For investors focused on income, liquidity, and price stability, a strategy such as a short dated enhanced income portfolio targets highly rated fixed income with low interest rate sensitivity. This active strategy focuses on short-dated assets and has a mandate to invest in bonds with a maturity of up to five years.

Considering longer-dated bonds?

We believe it could be a worthwhile use of time and risk budgets. For institutional investors with a yield focus, there are still many opportunities out there. But starting to consider longer-dated bonds in the mix could be a worthwhile use of time and risk budgets – especially given the quality available.

Final thoughts


While the shortest dated bonds remain interesting for now, the appeal of high quality longer-dated paper is beginning to increase. As always, if you’re looking to enhance yield potential and minimize volatility, it’s important to be selective on a country, sector, and company basis, and maintain a flexible approach.

Important information

Projections are offered as opinion and are not reflective of potential performance. Projections are not guaranteed and actual events or results may differ materially.
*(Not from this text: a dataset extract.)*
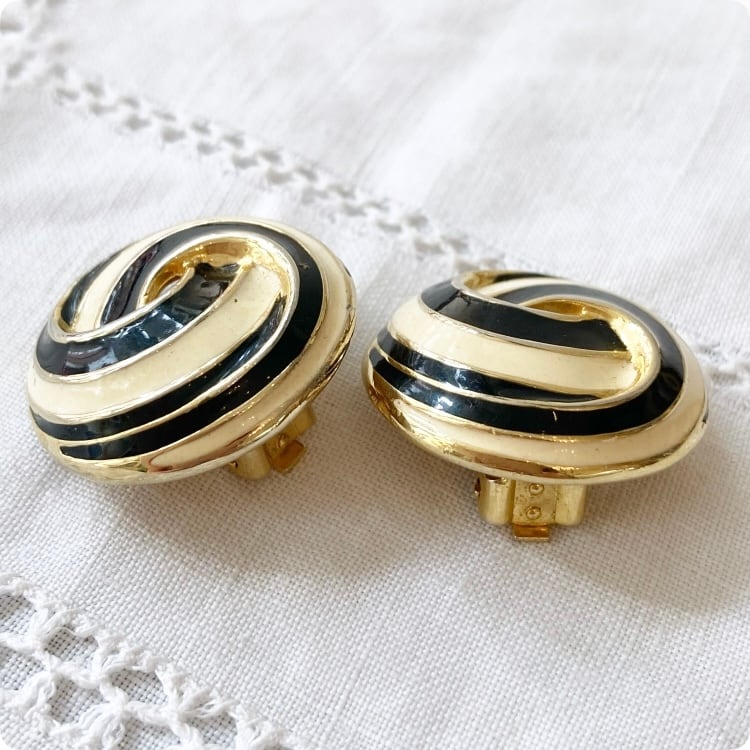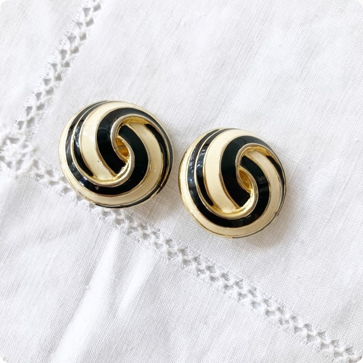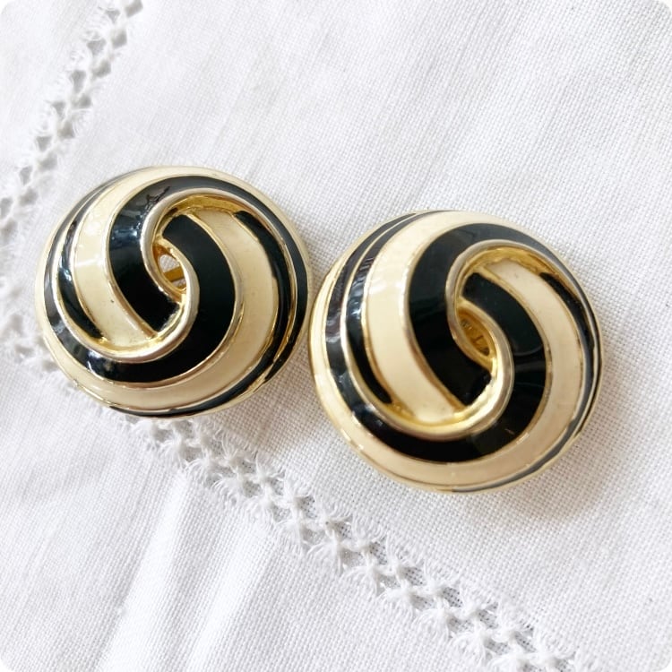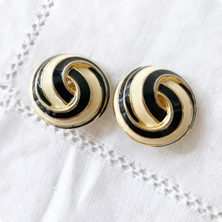 フランスヴィンテージ イヤリング | ブラックエナメル × アイボリー 渦巻状 レトロ | 1980年代頃
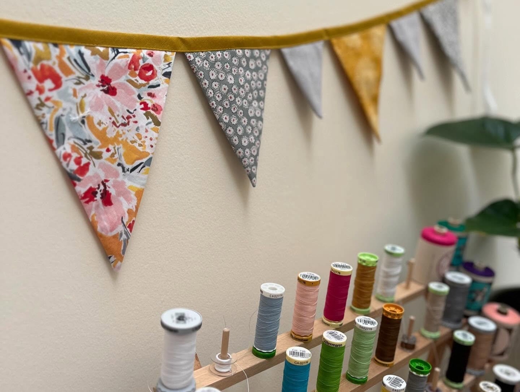 My name is Lorna, and I live in Bishopbriggs with my daughter, Emily. My sewing journey began with my mum, Betty, who worked as a dressmaker in the 1940s and 50s before becoming a stay at home mum. I have fond memories of sewing on mum’s treadle Singer and a 1970s Jones machine that came in a teal floral carry case. Mum always made most of my clothes, something I did not fully appreciate as a teenager, and sewed all of our wedding dresses.

Fixed income securities are subject to certain risks including, but not limited to: interest rate (changes in interest rates may cause a decline in the market value of an investment), credit (changes in the financial condition of the issuer, borrower, counterparty, or underlying collateral), prepayment (debt issuers may repay or refinance their loans or obligations earlier than anticipated), call (some bonds allow the issuer to call a bond for redemption before it matures), and extension (principal repayments may not occur as quickly as anticipated, causing the expected maturity of a security to increase).

Standard & Poor’s credit ratings are expressed as letter grades that range from “AAA” to “D” to communicate the agency’s opinion of relative level of credit risk. Ratings from ‘AA’ to ‘CCC’ may be modified by the addition of a plus (+) or minus (-) sign to show relative standing within the major rating categories. The investment grade category is a rating from AAA to BBB-.